Monday, October 6, 2008

The Greatest Gift

by Jeri Gilchrist
I remember an experience I had with my mom as if it were yesterday.
It is one I will always cherish as I have relived it again and again over the past few months.

I have noticed at book signings a common question asked is, “How did you come up with this story?” I have a simple reply that actually has a deeper meaning than my answer conveys. I usually reply, “When we learned that my mother had cancer, I recorded as much of her life history on tape as I possibly could. This book, though certainly fictional, came from some of the stories she told me while she was a young child growing up during the occupation of Denmark during WWII.”

Each time I give that answer, my mind flashes back to the time I spent with my mom sitting around a silly tape recorder. Little did I know how much I would come to cherish the moments I spent with her as I now sit and listen to her tell me her life history on tape.

It was during one of our talks that I told her of the things I wish I could give her.
My mother, in her wisdom, told me the greatest gift you can give a person is your time.
Things break, fade, or get lost, but a person’s time can never be replaced. To be there for someone whenever he or she needs you is the most valuable gift you can give.

When I look back on memories of my mother, it’s not the things she gave me that I think of, it’s the time we spent together that is so close to my heart.

I now have a greater appreciation for the time I spend with my dad who will soon be eighty. As I look back through the years, I realize he has always had the time to be there for me. He has helped me through some of the most difficult times of my life. We have done hundreds of wood projects together, canned together, Spring-cleaned his house together, shared numerous talks over a bowl full of popcorn together and the memories continue. They are priceless to me.

There are moments that I wish I could stop time and hold them in my arms forever: marveling at the birth of my sons, looking at my husband across the alter of the Temple, listening to my sons receive Patriarchal or Priesthood blessings, watching my oldest son open his mission call and his Temple marriage, feeling grateful for my youngest son’s successful brain surgeries, and seeing him give a talk in Sacrament meeting and giving us a thumbs up from the pulpit because he did it. I have had so many meaningful moments! Even simple moments are significant; like holding hands with Brad when everything in the world seemed right.
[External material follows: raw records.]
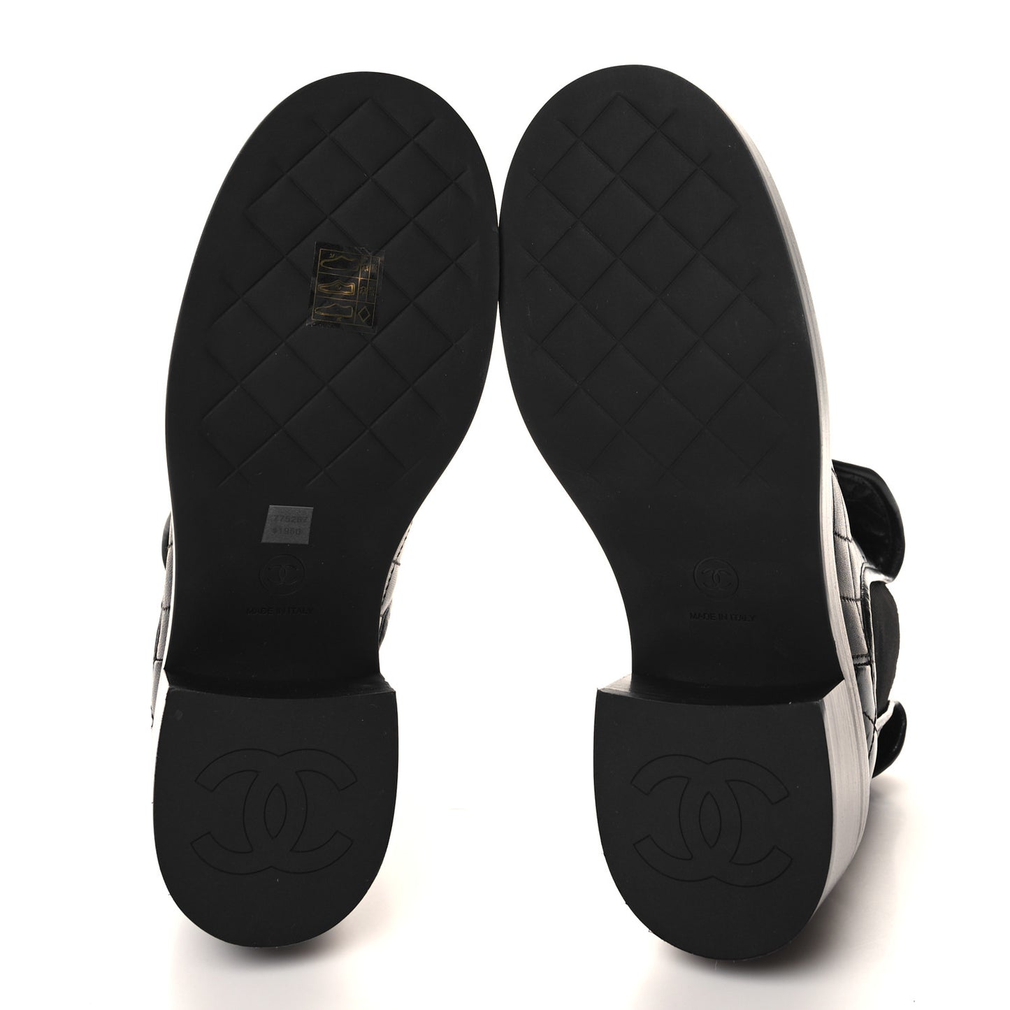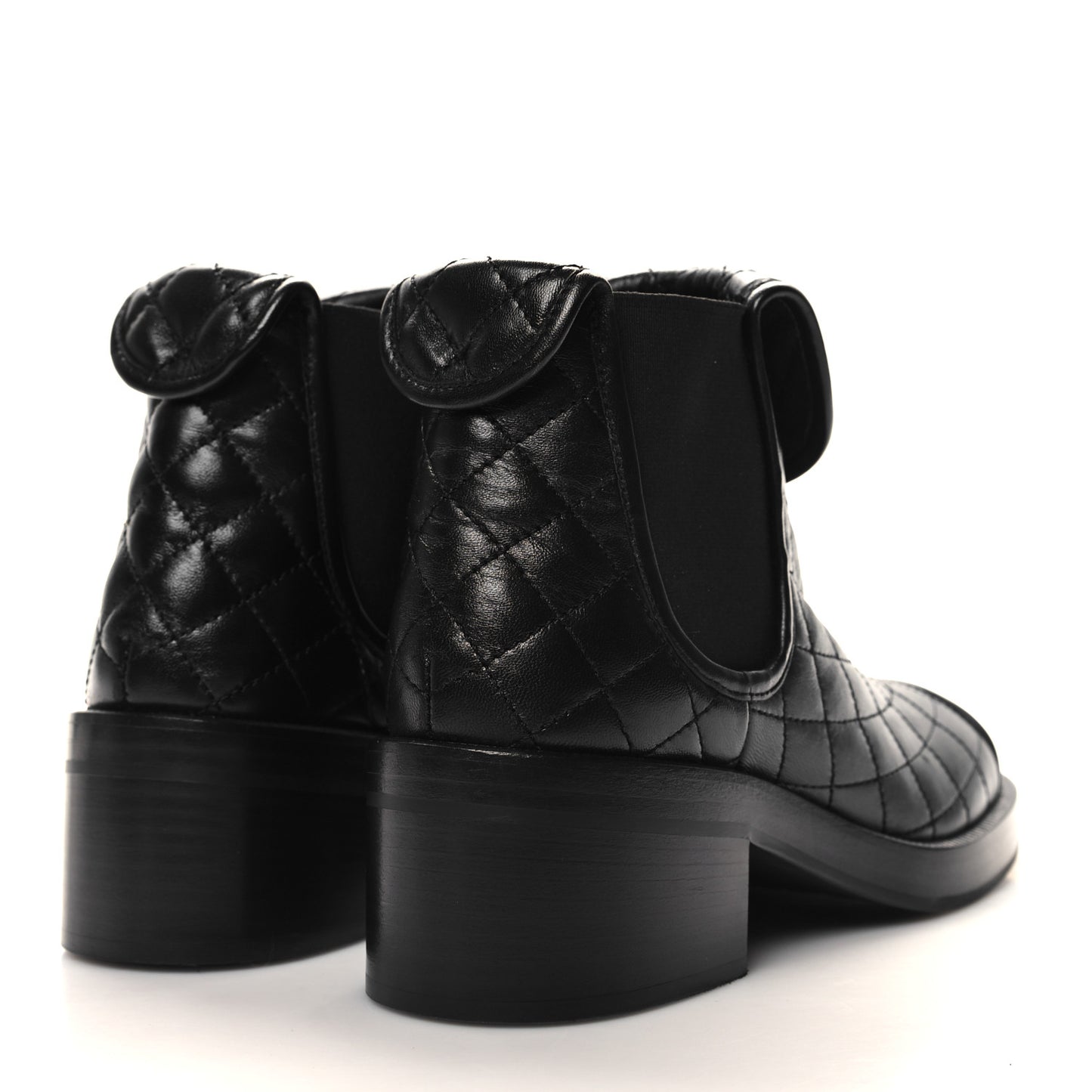 Lambskin Quilted Cap Toe CC Turnlock Booties 37 Black
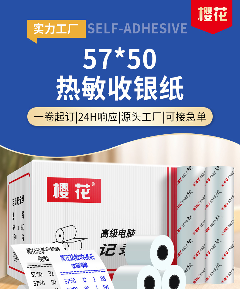 Flor de cerezo 57*50mm caja registradora térmica papel de impresión Papel de recibo Meituan supermercado fabricante de papel de impresión térmica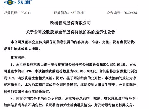 今年11月16日,*ST欧浦发布关于公司控股股东全部股份将被拍卖的提示性公告称,本次被拍卖的股份数量为500,855,934股,占其所持股份数量比例达到100%,请投资者注意相关风险。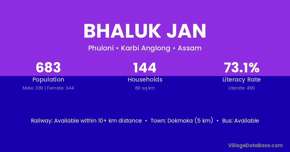 Dokmoka (5 km) is the nearest town to Bhaluk Jan village for major economic activities and is located approximately 5 km away.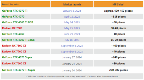 3DCenter的初步统计显示,RTX 4070 Ti SUPER在德国首销当天卖了280-300块,RX 7600 XT则只卖了30块左右,前者是后者的至少9倍,甚至可能是10倍。

My happiest times in life, or those that have the deepest meaning are spent with my family and friends. They are my most treasured moments as we have spent time celebrating, supporting, helping, worshiping, or reuniting with each other. Playing, laughing, crying, or simply sitting in silence watching a sunset together have come to be some of my most cherished memories. It’s in those moments when I truly realize how precious it is that we, together, have this gift of time.


Cheri J. Crane said...

Great blog, Jeri. There are indeed moments we wish could last forever. This past week, I found myself wishing the time I spent holding my tiny new granddaughter would last forever. Time spent with family and friends is a precious gift.

Jennie said...

I so agree with you, Jeri. So much of life is taken up with rushing around, yet the memories that matter, that sustain us through the hard times, are those spent with loved ones and are often the small, almost insignificant shared moments. Just yesterday a "middle child" told me one of her cherished memories of her childhood was a day when she accompanied me somewhere and on the way back I bought her a Texas doughnut just for her.

Michele Ashman Bell said...

Your blog was so poignant and sweet. I found myself reflecting on those moments I could freeze frame from the past, moments I want to cherish forever. I also found myself making a vow to be a little more generous with my time, especially where my loved ones are concerned. Your words spoke to my heart, thank you.

Nancy Campbell Allen said...

What a great blog, Jeri. It made me think I need to sit with my mom and tape her memories of life as a child. Our moms were neighbors. My mom was born in Norway at the tale end of the war and her parents hid a Jewish man in their attic during the war.

I agree so much with what you said about stopping time- there've been times when I've said to myself, "I want to remember this moment forever."

Stephanie Black said...

Jeri, I really needed to hear this. Thanks so much for a thought-provoking blog!

Gale Sears said...

I have finally found my way onto the site and am reading through all the amazing blogs. Thank you for the tender rememberances of your mom and for putting forward the really important things in life.